When conducting the consultation in November 2020, the Commission used the July to September quarters of the LFS from the years 2017 to 2019 to determine the breakdown of the workforce in England by SEB.[footnote 4] It compared results using five and three NS-SEC classes of SEB as highlighted in the respective graphs below. Further information on each data set can be found in the grey text underneath each graph. Following a review in May 2021 these benchmarks now use 4-digit SOC codes using 2019 data (see appendix A).

Analysis using five socio-economic background categories

Percentage of workforce by NSSEC category of the main wage earner when respondent was 14 Percentage
Higher managerial and professional 34%
Intermediate occupations 24%
Routine and manual occupations 37%
No one was earning 4%
Not living with family 1%

Data sourced from the July to September quarters of the LFS from the years 2017 to 2019

The NSSEC category of the main wage earner when the survey respondent was 14 was generated by mapping the 3-digit SOC categories( occupational groups) of the main wage earner in the LFS to NSSEC categories.
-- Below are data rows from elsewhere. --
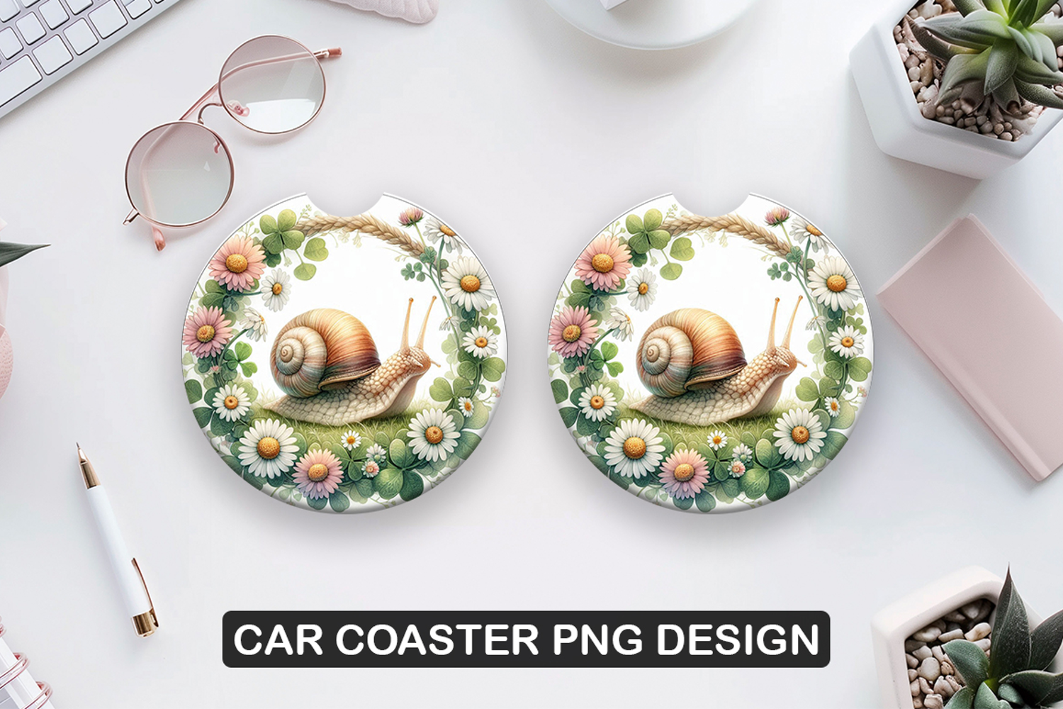 Similar Design Products to Flower Snail Car Coaster Sublimation| Animal Coaster PNG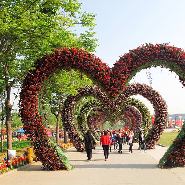 “花”早已成为鄢陵的符号,在花都鄢陵以花之名与花相约。 花博园宛如张开翅膀的彩凤展现在人们面前迎接人们到来,这里是每年花博会的主场地,集鄢陵花卉大成者,非花博园莫属。用鲜花精心编织搭建成的心形造型花径长廊引人入胜,漫步其中就像进入童话般的世界。这里已经成为春游、聚会的场所,进入园内你才真正体会到什么叫花如海、人如潮。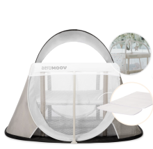 Toutes les fonctionnalités réunies : Lit de voyage Instant ✚ arche de jouets ✚ pare-soleil ✚ moustiquaire ✚ protège-matelas 3D ✚ drap-housse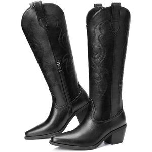 Women Black Polyurethane Classic Embroidery Side Zipper Knee High Western Boots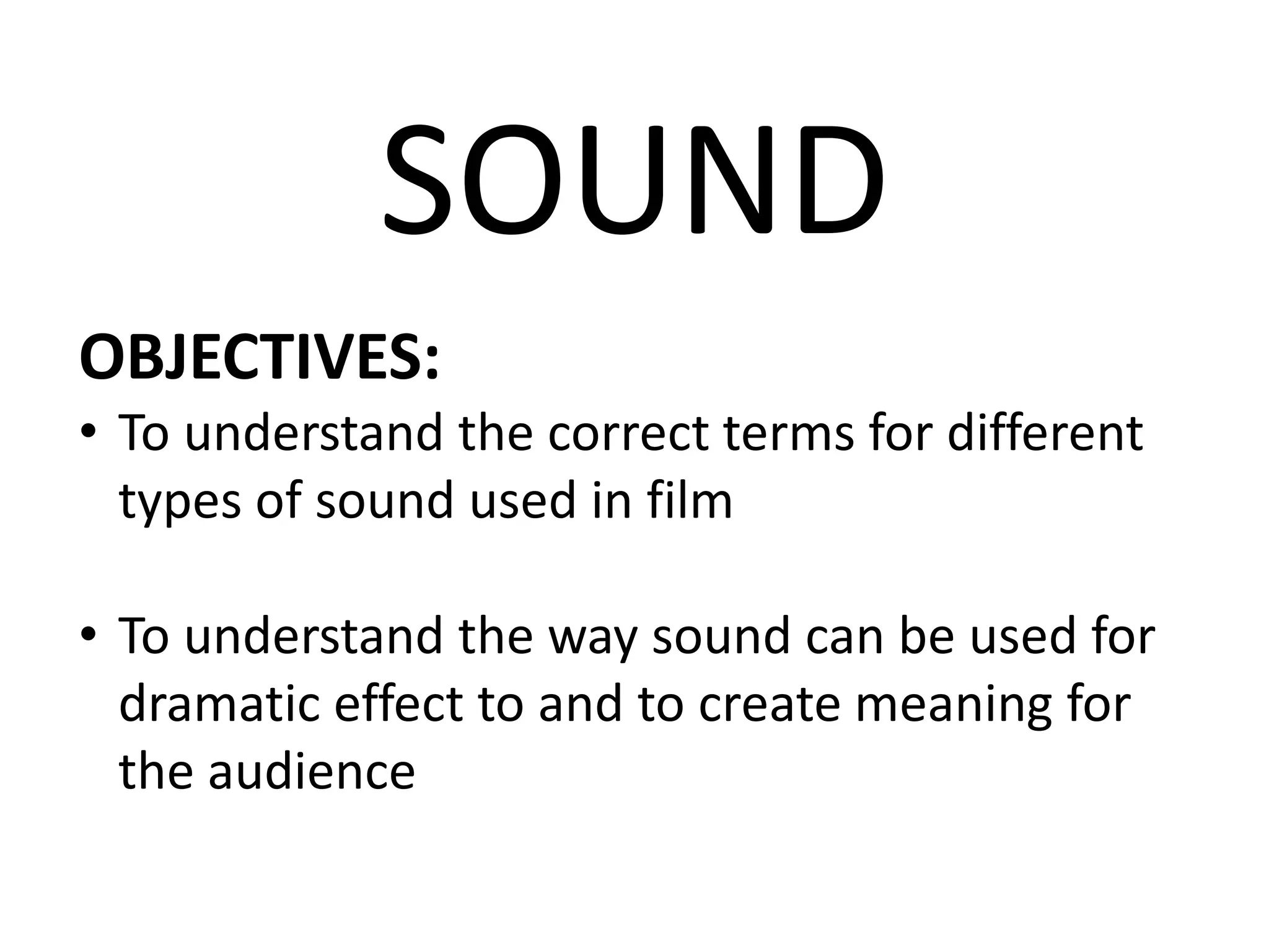 The document discusses different types of sounds used in film and their dramatic effects. It defines diegetic sound as coming from within the scene, like dialogue or ambient noise, while non-diegetic sound is added in post-production, such as music and sound effects. Specific techniques are described: crescendos build sound or music to imply something is happening; diminuendos allow music or sound to die down to suggest a threat is gone; and sforzandos use short, sharp noises to emphasize shock or fear. The document also discusses sound motifs that associate sounds or music with characters to convey meaning to the audience.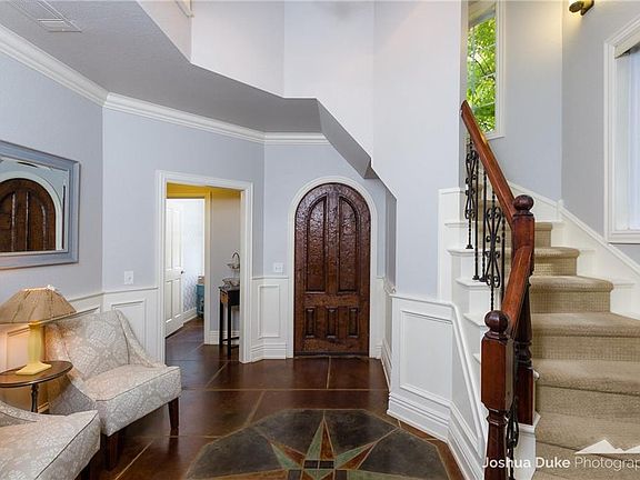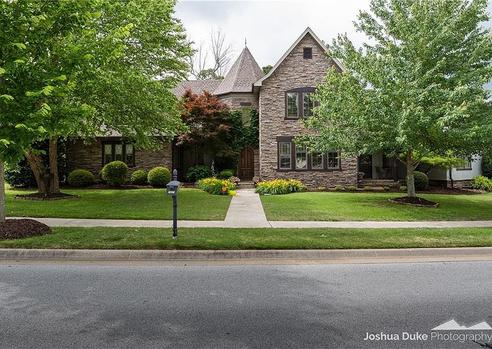 Fantastic European style chateau with brick/stone and real concrete exterior. Many updates include new kitchen & laundry room with fabulous colors. New hardwood in Master. New color and paint. New doors leading to deck. Roof in 2012 with refinished exterior. New AC in 2014, LED recessed lights. This home is immaculate and move in ready. Scored concrete floors are beautiful with soaring great room, cast concrete fireplace and gorgeous beams. Double staircase for upstairs access to 3 bedrooms, 2 baths and a private bonus room.

This was done using the existing mapping of 4-digit SOC codes to NSSEC categories by the ONS. Where not all 4-digit SOC codes within a 3-digit SOC category mapped to the same NSSEC category, the most common NSSEC category for that 3 digit SOC code was chosen

Analysis using three socio-economic background categories

Percentage of workforce by NSSEC category of the main wage earner when respondent was 14 Percentage
Higher managerial and professional 34%
Intermediate occupations 24%
Routine and manual occupations 42%

Data sourced from the July to September quarters of the LFS from the years 2017 to 2019

The NSSEC category of the main wage earner when the survey respondent was 14 was generated by mapping the 3-digit SOC categories( occupational groups) of the main wage earner in the LFS to NSSEC categories. This was done using the existing mapping of 4-digit SOC codes to NSSEC categories by the ONS. Where not all 4-digit SOC codes within a 3-digit SOC category mapped to the same NSSEC category, the most common NSSEC category for that 3 digit SOC code was chosen.

  1. Social Mobility Foundation. Employer Index Report 2020. 

  2. We are unable to say by precisely how much, as it was determined the risk was too low to justify A/B testing in the field, and thus poor value for money to complete. 

  3. This corresponds to the variable SMSOC103 in the Labour Force Survey (LFS). Respondents whose main wage earners were not working when they were 14 were also included in the routine and manual occupations socio-economic background (SEB) category to capture the effects of long-term scarring caused by stretches of unemployment, as a form of extreme disadvantage. 

  4. The Commission monitors progress towards improving social mobility in the UK, and promotes social mobility in England. This analysis was thus was exclusively completed on the workforce in England as per the Commission’s remit to undertake advocacy work in England.